27. What is a soft, mixed, and hard reset?

git reset has three main modes that determine how the staging area and working directory are affected when you move the HEAD pointer to a previous commit.

28. What is an interactive rebase?

Interactive rebase is a powerful Git tool for modifying and cleaning up a series of commits in your project's history. It allows you to control exactly how commits are integrated or changed, rather than just blindly moving them. 

This process involves using the git rebase -i <base-commit> command, which opens a text editor showing a list of commits in the specified range. You can then use various commands to manipulate individual commits. 

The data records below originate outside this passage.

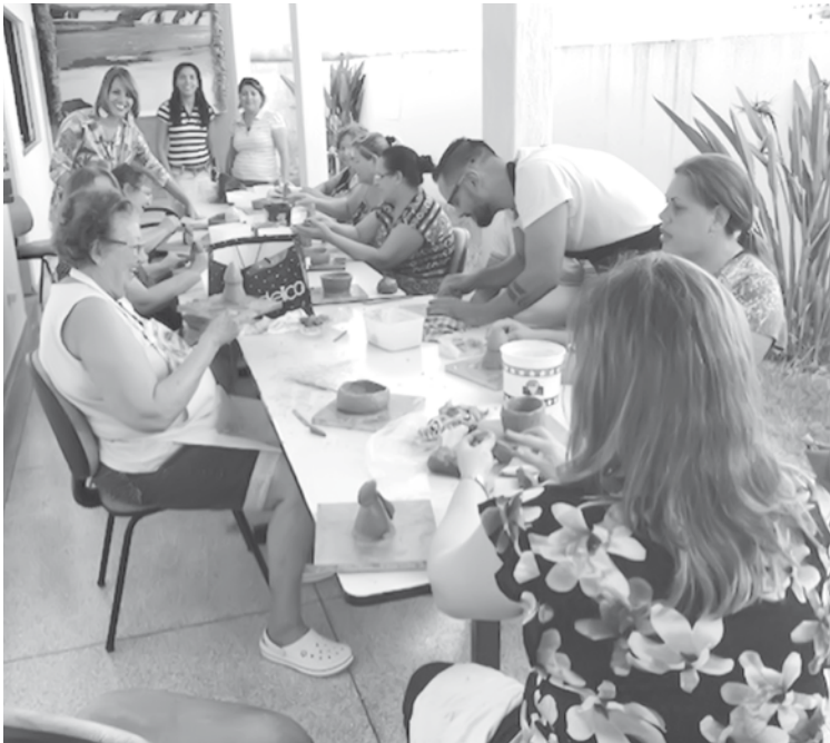
O Museu Água Vermelha segue com atividades até o dia 24 de maio
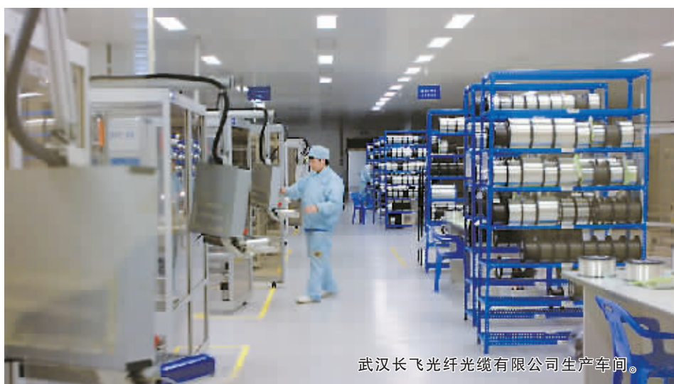
武汉长飞光纤光缆有限公司生产车间。

2000年以来,南京市软件产业持续以50%以上的增速发展,2004年规模达到109亿元,居全国省会城市之首,占据江苏省软件产业半
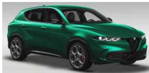
6FW (398/D) - Verde Montreal
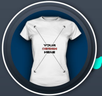
SHIRT FEMALE *24,99 €
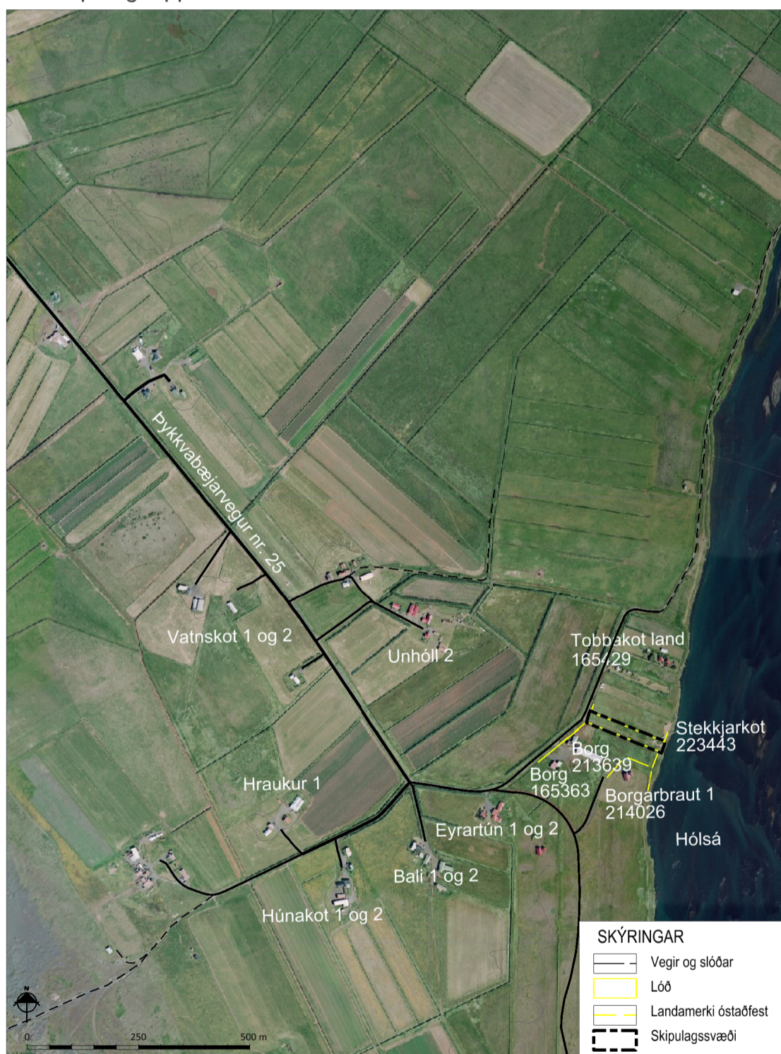
Skýringaruppráttur í mkv. 1:12.000

Deiliskipulagstillagan var kynnt dags. _____

Interactive rebase is typically used on local, unshared branches to create a clean, linear, and meaningful history before sharing it with a team.

29. How to squash commits?

Squashing commits means combining multiple commits into a single commit so that your Git history looks clean and meaningful (for example, before merging a feature branch).

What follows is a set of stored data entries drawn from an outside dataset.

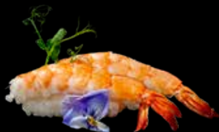
36C NIGHIRI GAMBERI* COTTI
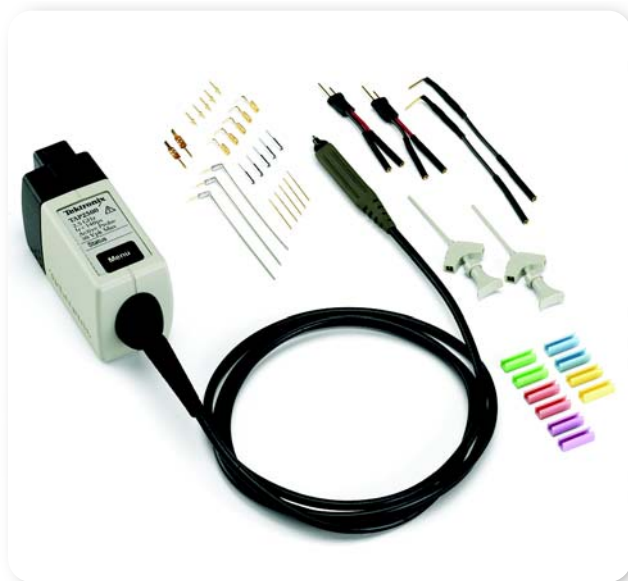
► TAP2500 (一般是 TAP1500)
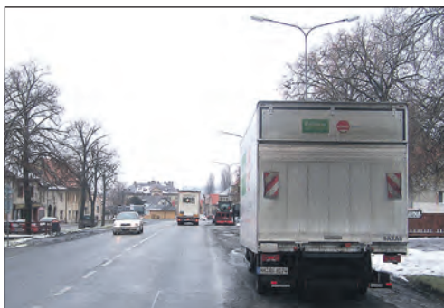
Kdy, či za jakých okolností přestanou parkovat kamiony a nákladní automobily na smečenském náměstí?

stav celého řadu vně budovy. Zde budeme muset přistoupit k rekonstrukci řadu. Vypsali jsme veřejnou soutěž na zhotovitele rekonstrukce obslužné cesty ke sběrnému dvoru a také
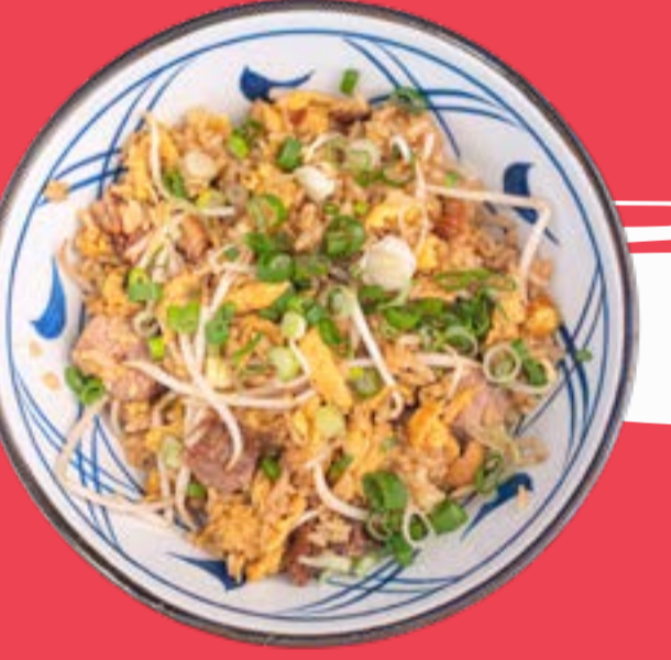
RISO KIKU 9,5

Stir-fried rice with chashu (spiced pork) veal, chives and scrambled eggs
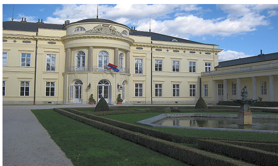
„Védett épületek a fogyatékossgal élők szolgálatában” - Konferencia Fehérvárcsurgón
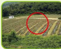
僅能清除地表植生

如有水土保持相關疑義，可於每月第2週之星期四下午2:30至4:30，親洽本府水利局水土保持工程科，由本府水土保持服務團成員免費提供水土保持法令諮詢。詳細時間請來電洽詢。
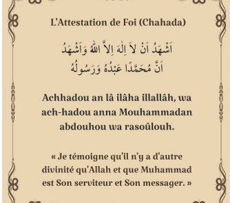
IL HAMA DA ne croire qu'il n'y a pas d'autre Dieu hormis Allah qui est le Seul et l'Unique et
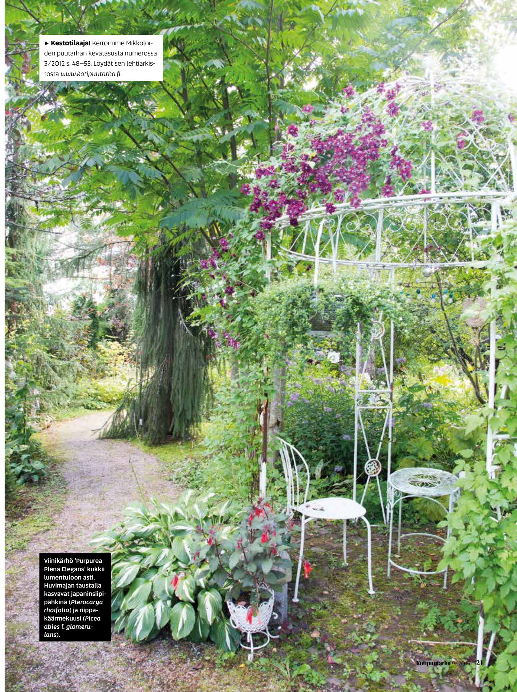
Viinikärhkö 'Purpurea Plena Elegans' kukkii lumentuloon asti. Huvimajan taustalla kasvavat japaninsiipipähkinä ( Pterocarya rhoifolia ) ja riippakäärmekuusi ( Picea abies f. glomerulans ).

► Kestotilaa! Kerroimme Mikkoloiden puutarhan kevätasusta numerossa 3/2012 s. 48–55. Löydät sen lehtiarkistosta www.kotipuutarha.fi

The most common way to squash commits is to use an interactive rebase.

Steps to squash the last N commits

Suppose you want to squash the last 3 commits into one:

git rebase -i HEAD~3

This opens an editor showing something like:

pick a1b2c3 First commit
pick d4e5f6 Second commit
pick 789abc Third commit

You then change it to:

pick a1b2c3 First commit
squash d4e5f6 Second commit
squash 789abc Third commit

• pick → keep this commit as is
• squash (or s) → combine this commit into the one above

After saving and closing, Git will ask you to edit the final commit message (you can keep one or write a new combined message).

Important Note: If the branch is already pushed and used by others, squashing rewrites history, so you should coordinate with your team (or avoid squashing shared history).

30. What does git stash do?

git stash temporarily saves your uncommitted changes (both staged and unstaged) and cleans your working directory, allowing you to switch branches or pull updates without losing your work.

It’s like putting your work on a temporary shelf.

You use it when you need to:

• Switch branches quickly
• Pull the latest test code
• Work on an urgent bug fix
• Pause your current work without committing half-done changes

Example scenario:

You're working on feature/login, but suddenly need to fix a production bug on main.

Your changes aren’t complete, so you can't commit them.

• git stash → saves changes and cleans the working directory
• git stash list → shows stashed items
• git stash apply → restores the most recent stash
• git stash drop → removes the stash
• git stash pop → restores + deletes the stash in one step

31. Fork vs Clone vs Branch.

Forking creates an independent copy of a repository on a hosting service (like GitHub) for separate development, Cloning makes a local copy on your machine for offline work, and Branching creates isolated development lines within a single repository (local or remote) for features, all enabling parallel work, but Forks are for public contribution, Clones for local sync, and Branches for features inside a project.

32. What happens during git pull --rebase?

The git pull --rebase command is a combination of git fetch and git rebase. It is used to update a local branch with changes from a remote branch while maintaining a linear commit history.

Here is a breakdown of what happens:

• git fetch: Git first fetches the latest changes from the remote repository and updates the remote-tracking branch (e.g., origin/main). These changes are downloaded but not yet integrated into your local working branch.
• git rebase: After fetching, Git then takes your local commits (those that are not yet pushed to the remote) and temporarily "puts them aside." It then "rewinds" your local branch to the point where it diverged from the remote-tracking branch. Finally, it reapplies your local commits one by one on top of the newly fetched remote changes.

33. You accidentally deleted a branch—how to restore it?

To restore a deleted Git branch, use git reflog to find the commit hash (SHA) of the branch's tip, then git checkout -b <branch-name> <sha> to recreate it locally; for remote/hosted repos (GitHub, Azure DevOps), use the platform's UI to find branch deletions in activity logs or closed pull requests and click "Restore".